• _About this task_
Print out the data that follows exactly, character for character, apart from the pictures.

:: Given information ::

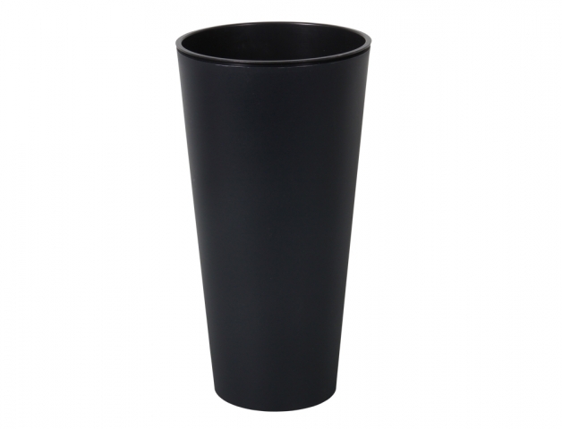 Plastový matný antracitový vysoký obal s černou vložkou určený pro květináče s rostlinami vhodnými do interiéru. Průměr obalu je 25 cm a výška 48 cm. prečítať celé
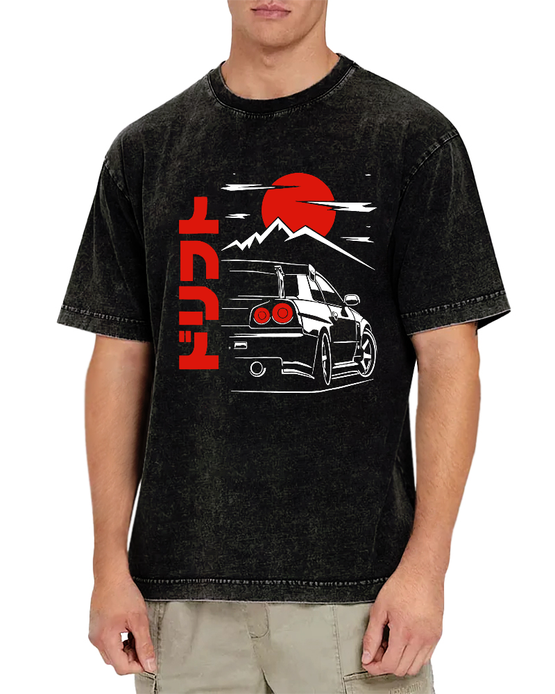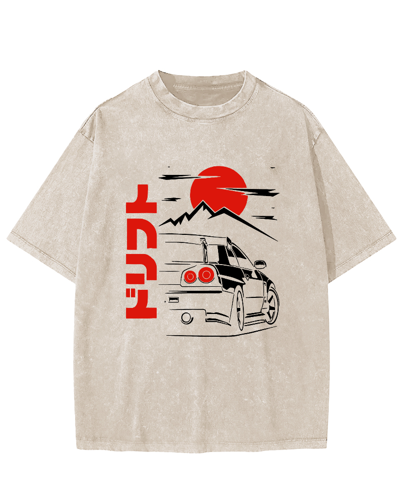 Sunrise Motorcycle Japanese Style Vintage Washed T-shirt
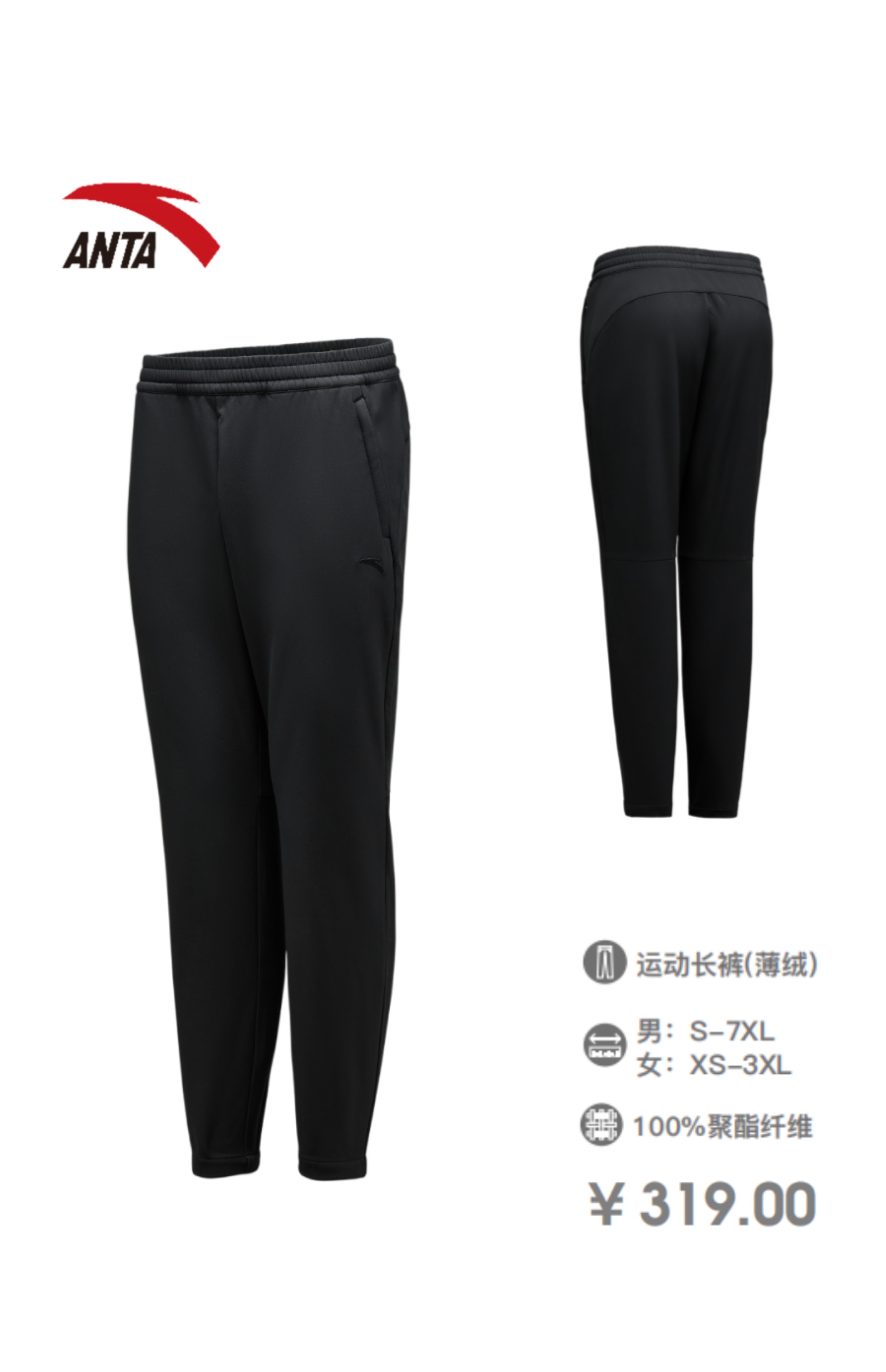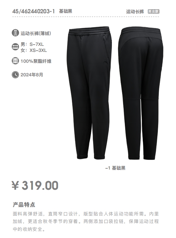 设计点:面料高弹舒适,直筒窄口设计,加绒,更适合秋冬季节的穿着。两侧添加口袋拉链,保障运动过程中的收纳安全.

:::

• _Exercise result_
 Plastový matný antracitový vysoký obal s černou vložkou určený pro květináče s rostlinami vhodnými do interiéru. Průměr obalu je 25 cm a výška 48 cm. prečítať celé
 Sunrise Motorcycle Japanese Style Vintage Washed T-shirt
 设计点:面料高弹舒适,直筒窄口设计,加绒,更适合秋冬季节的穿着。两侧添加口袋拉链,保障运动过程中的收纳安全.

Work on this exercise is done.